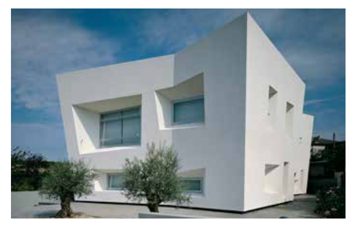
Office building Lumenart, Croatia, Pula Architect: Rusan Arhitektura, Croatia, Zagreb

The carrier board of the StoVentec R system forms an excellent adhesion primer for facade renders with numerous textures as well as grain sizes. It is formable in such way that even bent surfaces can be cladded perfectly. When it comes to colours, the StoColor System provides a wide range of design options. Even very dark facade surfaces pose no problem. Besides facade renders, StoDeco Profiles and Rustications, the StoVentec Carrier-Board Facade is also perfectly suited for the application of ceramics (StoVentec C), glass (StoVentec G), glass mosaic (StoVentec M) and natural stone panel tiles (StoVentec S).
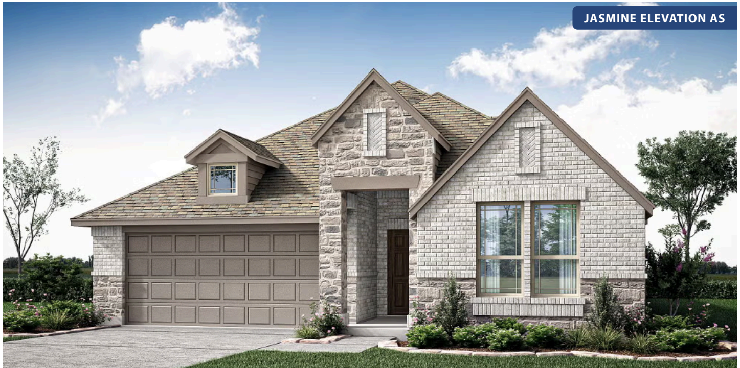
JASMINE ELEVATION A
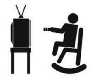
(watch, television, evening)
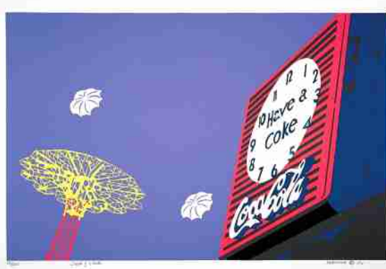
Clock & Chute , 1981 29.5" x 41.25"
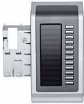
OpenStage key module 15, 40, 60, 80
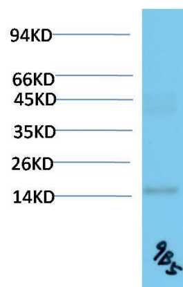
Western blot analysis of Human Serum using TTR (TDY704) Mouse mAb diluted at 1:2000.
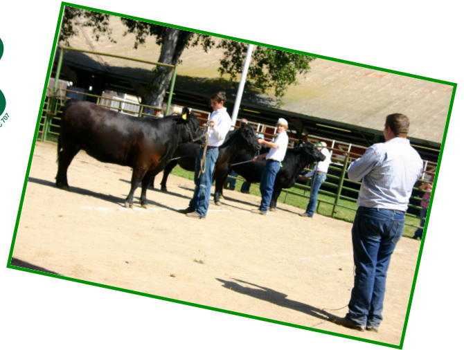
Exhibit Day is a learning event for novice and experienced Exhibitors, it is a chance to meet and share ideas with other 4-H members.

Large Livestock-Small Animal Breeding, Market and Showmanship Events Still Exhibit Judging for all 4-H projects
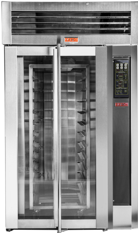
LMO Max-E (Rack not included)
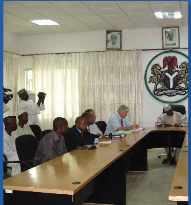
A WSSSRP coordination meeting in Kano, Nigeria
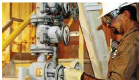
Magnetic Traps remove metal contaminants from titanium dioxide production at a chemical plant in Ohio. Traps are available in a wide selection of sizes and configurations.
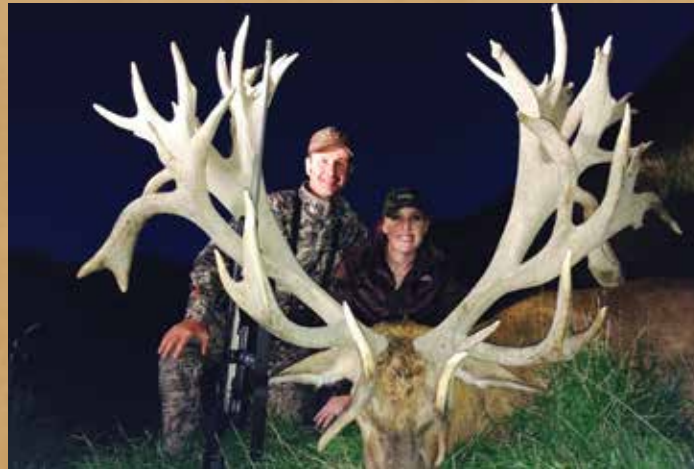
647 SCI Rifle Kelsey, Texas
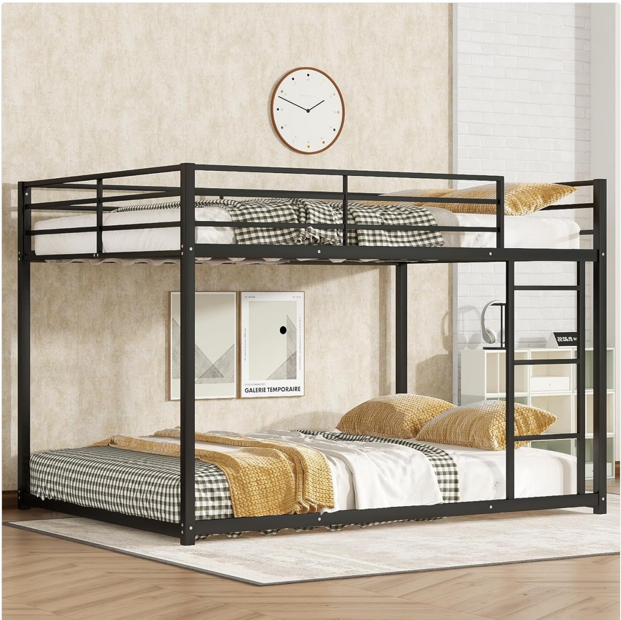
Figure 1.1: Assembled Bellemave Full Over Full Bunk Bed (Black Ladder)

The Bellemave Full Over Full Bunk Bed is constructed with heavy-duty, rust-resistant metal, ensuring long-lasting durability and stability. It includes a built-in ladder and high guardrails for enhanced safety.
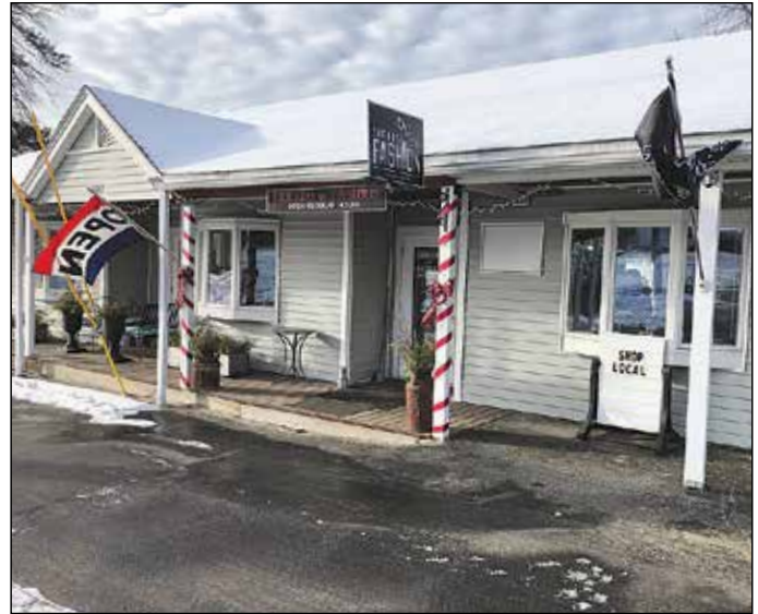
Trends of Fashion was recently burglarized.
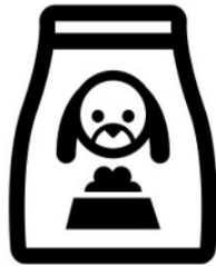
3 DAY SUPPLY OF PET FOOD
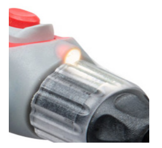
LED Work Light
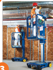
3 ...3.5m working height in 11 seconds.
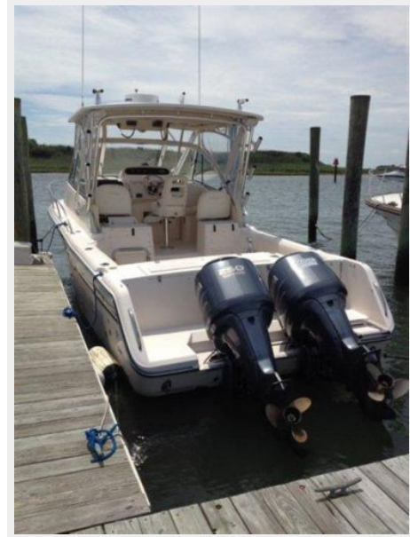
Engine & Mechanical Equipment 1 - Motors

▶ [Required action]
From the first line to the last, please copy the data exactly, with the pictures left out.

▶ [Task result]
Office building Lumenart, Croatia, Pula Architect: Rusan Arhitektura, Croatia, Zagreb

The carrier board of the StoVentec R system forms an excellent adhesion primer for facade renders with numerous textures as well as grain sizes. It is formable in such way that even bent surfaces can be cladded perfectly. When it comes to colours, the StoColor System provides a wide range of design options. Even very dark facade surfaces pose no problem. Besides facade renders, StoDeco Profiles and Rustications, the StoVentec Carrier-Board Facade is also perfectly suited for the application of ceramics (StoVentec C), glass (StoVentec G), glass mosaic (StoVentec M) and natural stone panel tiles (StoVentec S).
JASMINE ELEVATION A
(watch, television, evening)
Clock & Chute , 1981 29.5" x 41.25"
OpenStage key module 15, 40, 60, 80
Western blot analysis of Human Serum using TTR (TDY704) Mouse mAb diluted at 1:2000.
Exhibit Day is a learning event for novice and experienced Exhibitors, it is a chance to meet and share ideas with other 4-H members.

Large Livestock-Small Animal Breeding, Market and Showmanship Events Still Exhibit Judging for all 4-H projects
LMO Max-E (Rack not included)
A WSSSRP coordination meeting in Kano, Nigeria
Magnetic Traps remove metal contaminants from titanium dioxide production at a chemical plant in Ohio. Traps are available in a wide selection of sizes and configurations.
647 SCI Rifle Kelsey, Texas
Figure 1.1: Assembled Bellemave Full Over Full Bunk Bed (Black Ladder)

The Bellemave Full Over Full Bunk Bed is constructed with heavy-duty, rust-resistant metal, ensuring long-lasting durability and stability. It includes a built-in ladder and high guardrails for enhanced safety.
Trends of Fashion was recently burglarized.
3 DAY SUPPLY OF PET FOOD
LED Work Light
3 ...3.5m working height in 11 seconds.
Engine & Mechanical Equipment 1 - Motors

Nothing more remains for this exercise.